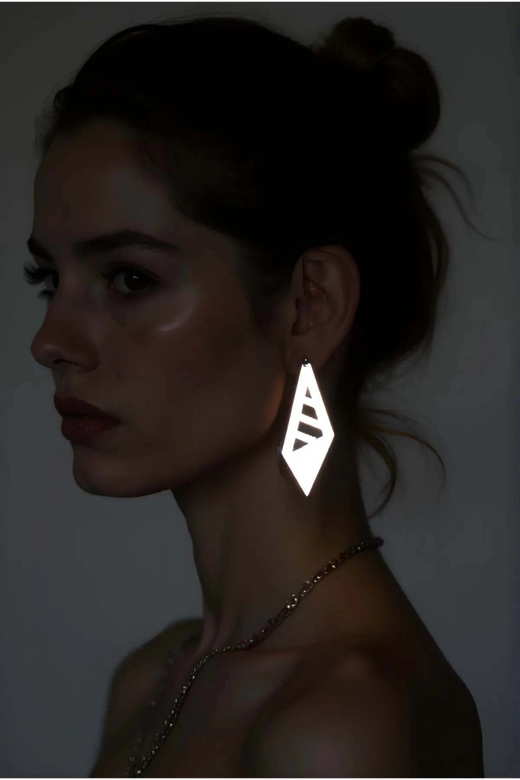 Beyaz Reflektörlü Prizma Küpe, Şık Lazer Kesim Küpe - APBJ011
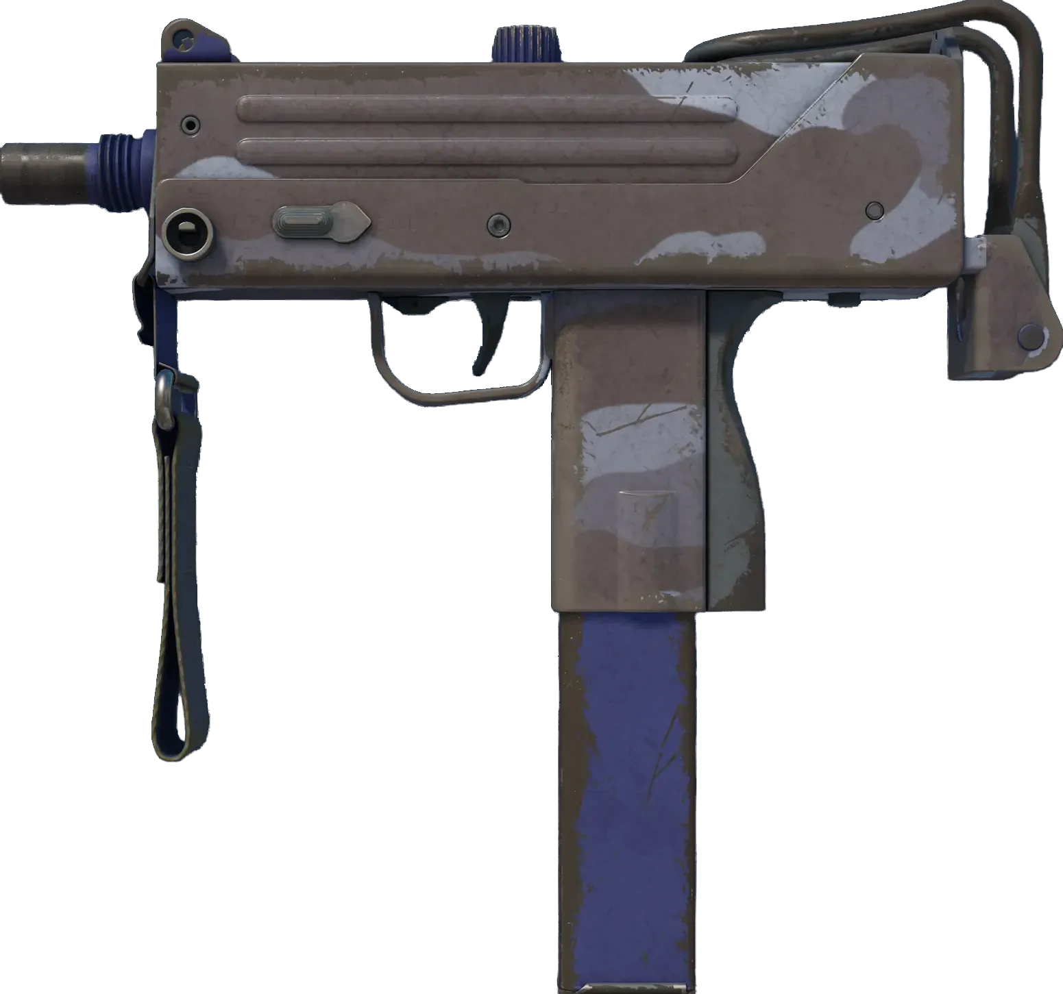 Essentially a box that bullets come out of, the MAC-10 SMG boasts a high rate of fire, with poor spread accuracy and high recoil as trade-offs. It has been painted using a solid blue camo pattern. _We all have to do things we don't like_
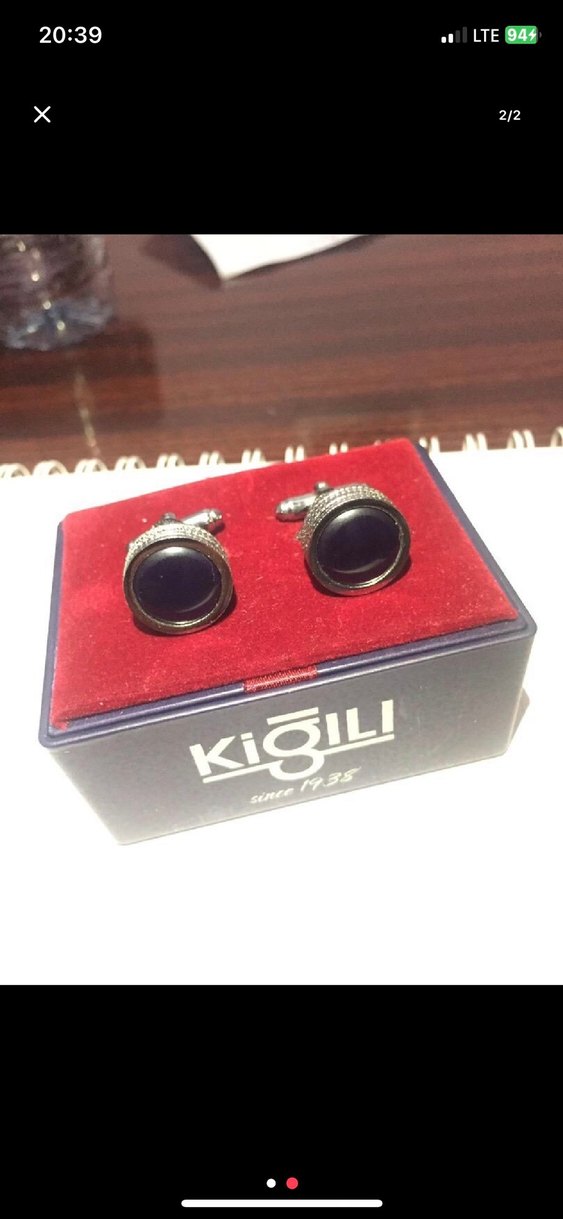 Kigili marka siyah gotik erkek kol düğmeleri, klasik yuvarlak tasarımda, şık kutusunda sunulmaktadır.
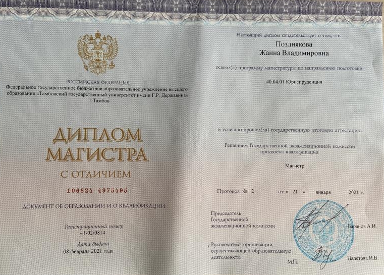 Тамбовский государственный университет имени Г.Р. Державина — Гражданский процесс, арбитражный процесс — Тамбов Магистр
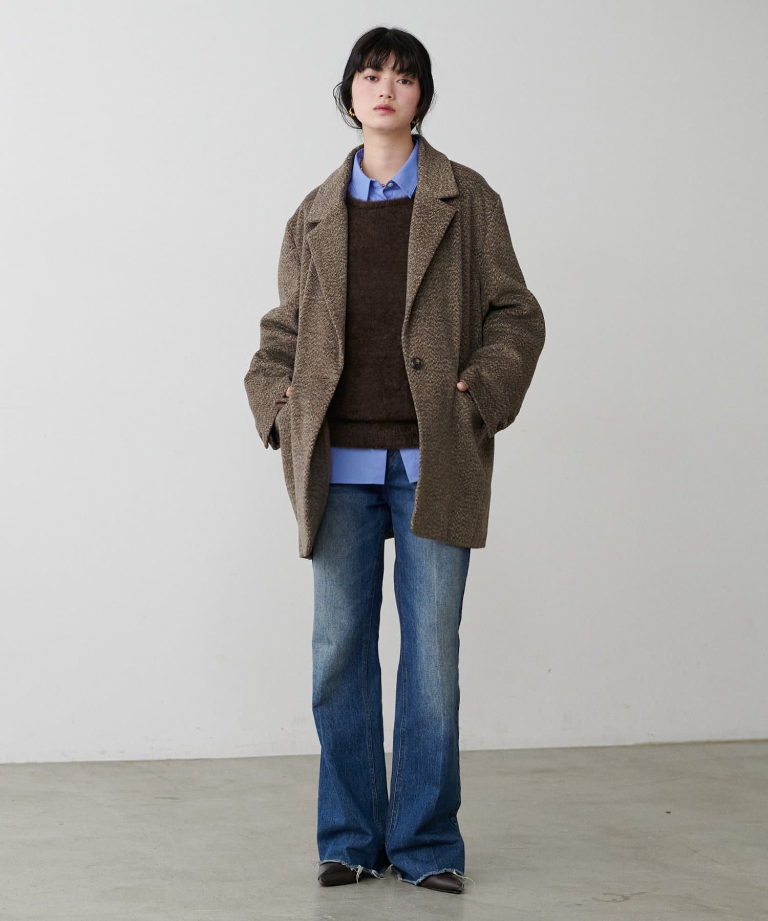 アウターを選ばず、ジャケット・ショートコート・ロングコートまで幅広くレイヤードできます。
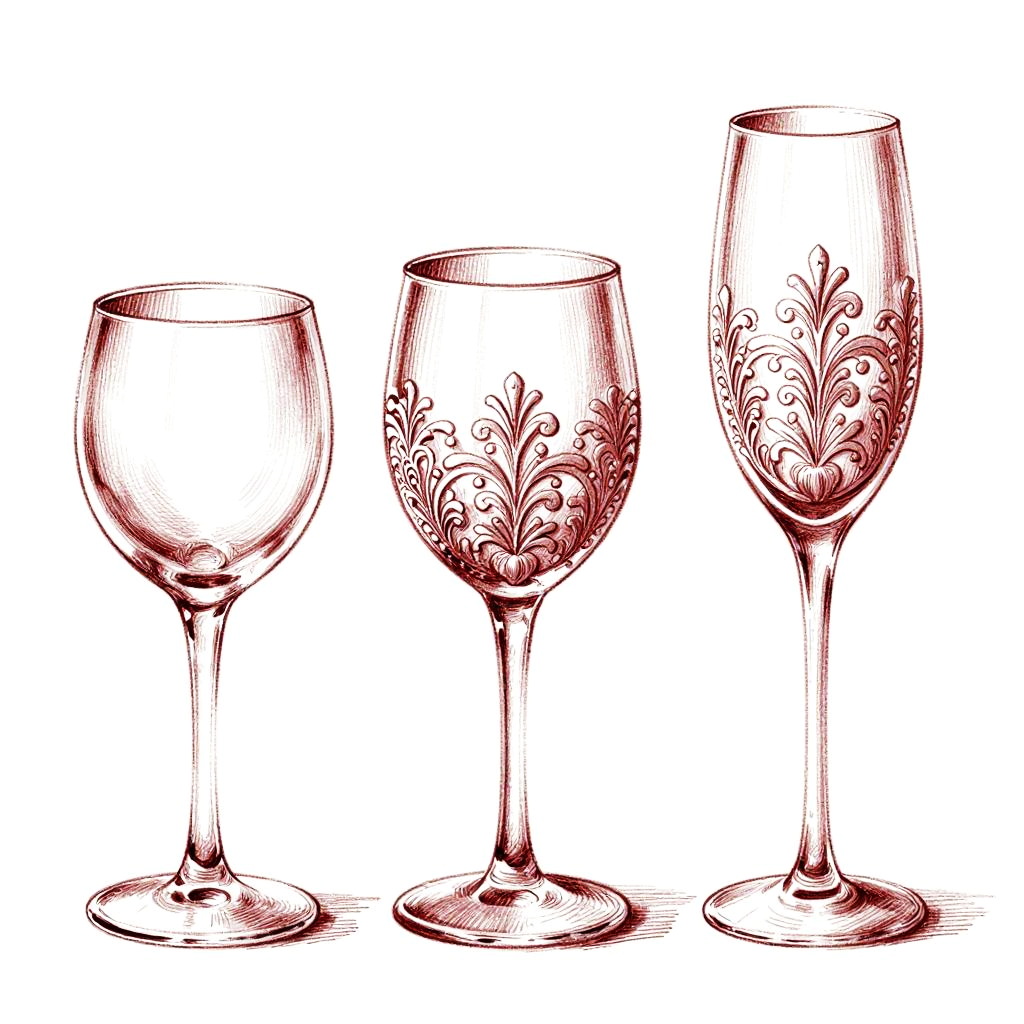 Elegant Red Wine Glass Sketches
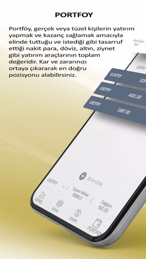 Portföy, gerçek veya tüzel kişilerin yatırım yapmak ve kazanç sağlamak amacıyla elinde tuttuğu ve istediği gibi tasarruf ettiği nakit para, döviz, altın, ziynet gibi yatırım araçlarının toplam değeridir. Kar ve zararınızı ortaya çıkararak en doğru pozisyonu alabilirsiniz.
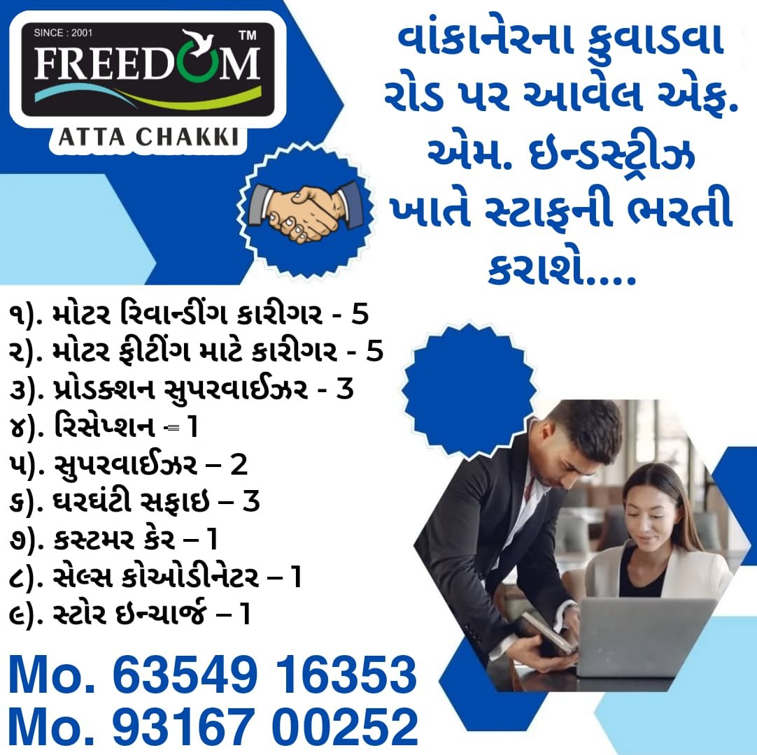 વાંકાનેર-કુવાડવા રોડ પર જીયાણા નજીક આવેલ દેશની નામાંકિત પ્રથમ હરોળની ઘરઘંટી ઉત્પાદક કંપની એફ. એમ. ઇન્ડસ્ટ્રીઝ ખાતે તાત્કાલિક ધોરણે ઉચ્ચતમ પગારધોરણ સાથે વિવિધ જગ્યાઓ પર સ્ટાફની ભરતી કરવાની હોય, જેથી નિચે આપેલ જગ્યાઓ માટે યોગ્ય લાયકાત ધરાવતા ઉમેદવારો તાત્કાલિક નીચે આપેલ નંબર પર સંપર્ક કરવો…

§ **DIRECTIONS FOR THIS TASK**
Above this task is a listing with pictures in it. Retype only the lines from the one containing "Kigili marka siyah" through the one containing "Portföy, gerçek veya", both included, and not the pictures.

§ **ANSWER**
 Kigili marka siyah gotik erkek kol düğmeleri, klasik yuvarlak tasarımda, şık kutusunda sunulmaktadır.
 Тамбовский государственный университет имени Г.Р. Державина — Гражданский процесс, арбитражный процесс — Тамбов Магистр
 アウターを選ばず、ジャケット・ショートコート・ロングコートまで幅広くレイヤードできます。
 Elegant Red Wine Glass Sketches
 Portföy, gerçek veya tüzel kişilerin yatırım yapmak ve kazanç sağlamak amacıyla elinde tuttuğu ve istediği gibi tasarruf ettiği nakit para, döviz, altın, ziynet gibi yatırım araçlarının toplam değeridir. Kar ve zararınızı ortaya çıkararak en doğru pozisyonu alabilirsiniz.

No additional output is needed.